Comment: Why it’s time for the Law Society’s levy to go

There is a reason that the slogan ‘No taxation without representation’ has echoed through history. The rally cry of the American revolution demonstrates a basic truth that institutions and figures of authority hitting up constituencies for money without broadly representing their interests are in the long run asking for trouble.

On that yardstick, the Law Society has been asking for trouble for many years and it looks like it has finally got it as the Conservative government threatens to finish the job Labour started with the Legal Services Act and end the body’s ability to levy fees on the profession.

The smart money is currently on a full split with its regulatory arm, the Solicitors Regulation Authority (SRA), which will likely end its ability to hit up the profession for about £35m a year to fund its trade union activities.

Few in the profession would mourn that defenestration, but particularly not the City lawyers who have long grown sick of being treated like a cash machine with very little to show for it. Chancery Lane doesn’t and never did care about the commercial legal sector. It didn’t understand it and was in no position to represent or advocate for it. City lawyers in the main don’t mind contributing a little more than other branches of the profession for the sake of professional solidarity, but there’s a limit and it was passed a long time ago.

That is not a sustainable position in the long term, even if the body scrapes a reprieve this time and it is plainly unhealthy for the industry as it has contributed to a fragmentation of the profession, weakening its bonds and ability to speak with a unified voice.

That lack of engagement was obvious in the society’s lack of response to Michael Gove’s ludicrous attempt to impose a tax on City firms (the threat has apparently receded, but that’s more due to the Treasury’s longstanding disdain for ministries inventing tax-raising powers as opposed to the profession’s advocacy).

True, the Law Society faces a huge challenge representing the profession’s different branches, which often have conflicting agendas, but Chancery Lane hasn’t even attempted to reconcile those tensions, it just ignored the City.

And the body, much as it likes to trumpet its independence in high-minded terms, remains as hamstrung as the BBC in relying on funding the government can cut off. The suspicion that the society plays it safe with government was at the heart of the discontent over its position on legal aid reform. Neither has it been able to effectively highlight the string of gaffes from the Ministry of Justice over the last three years.

It has been clear since the infighting of the 1990s that the absence of any need to persuade the profession to voluntarily engage and contribute to its budget has shaped an institution rife with bureaucracy, inefficiency and self-interest. The Law Society should look forward to a future as a leaner but revitalised and responsive body drawing far more of its revenues from commercial activities. That is the only way the reformists it has can ever sweep away the inertia and the dysfunctional council that kept it in its shoddy state for the last 20 years.

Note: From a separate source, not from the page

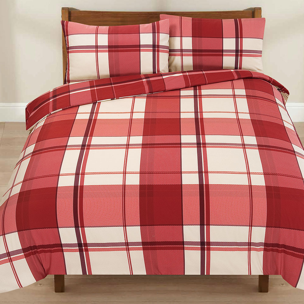 Thermal Duvet Cover With Pillow Case Red Check Tartan Brushed Fleece King Size
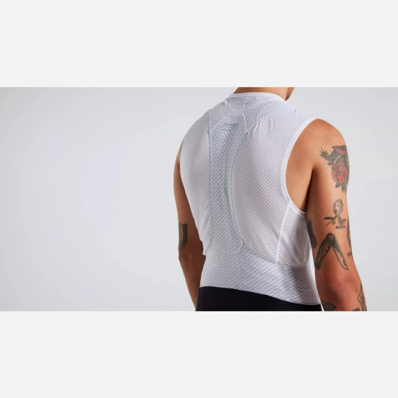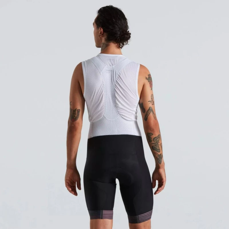 - La construction supérieure des bretelles est coupée au laser, pliée et soudée réduisant les frottements et les surépaisseurs. Le tissu des bretelles, quant à lui, incorpore un fil de carbone aux propriétés antibactériennes et permettant une excellente régulation thermique.

Ironically, at this moment of weakness the society has in Catherine Dixon the most credible figure heading it in recent memory but Chancery Lane will never be reformed without a structural shock to the system.

If you accept that the link with the regulator will be fully severed, the grey area will be around training and professional standards. On this one, the arguments look finely balanced. If the SRA and the Law Society could bury their differences and work together, there may be a workable compromise that sees the society retain some substantive role and the right to a reduced levy on the profession.

Where would that leave the City in terms of representation? The City of London Law Society is talked up, but the body is tiny and focused on technical consultation. In its current form, it has neither the resources nor ambition to take on a more meaningful role.

But rebooting it as a more muscular organisation is a practical and cost-effective option. A £1m-plus budget, a dozen staff and a heavyweight chair from the City and you’re off to a start. Bear in mind some of the largest City firms are contributing in the region of £250,000 a year for the Law Society (not counting the larger regulatory contribution) and there could soon be plenty of money in the pot.

TheCityUK is also emerging as a genuine alternative. The body has effectively courted the legal community, attracted credible figures such as Herbert Smith Freehills’ James Palmer and swung into gear on several issues important to the profession. The group also has the advantage of having wider links in the City, business and government. I suspect the body could easily become the default voice for City law if it pushed for it at this key moment.

Not that you would bet the profession will mobilise, even having been subjected to the indignities of Gove’s tax wheeze and the current attempt to turn the civil courts into a cash cow.

City lawyers have a remarkable ability to shrug their shoulders in these situations. Leadership on the issue may also have to come from a major firm outside the Magic Circle as London’s original elite have been reinvented in technocratic form and so rarely do leadership these days. But apathy should not save the Law Society from losing its power to tax the profession. It’s time it sang for its supper.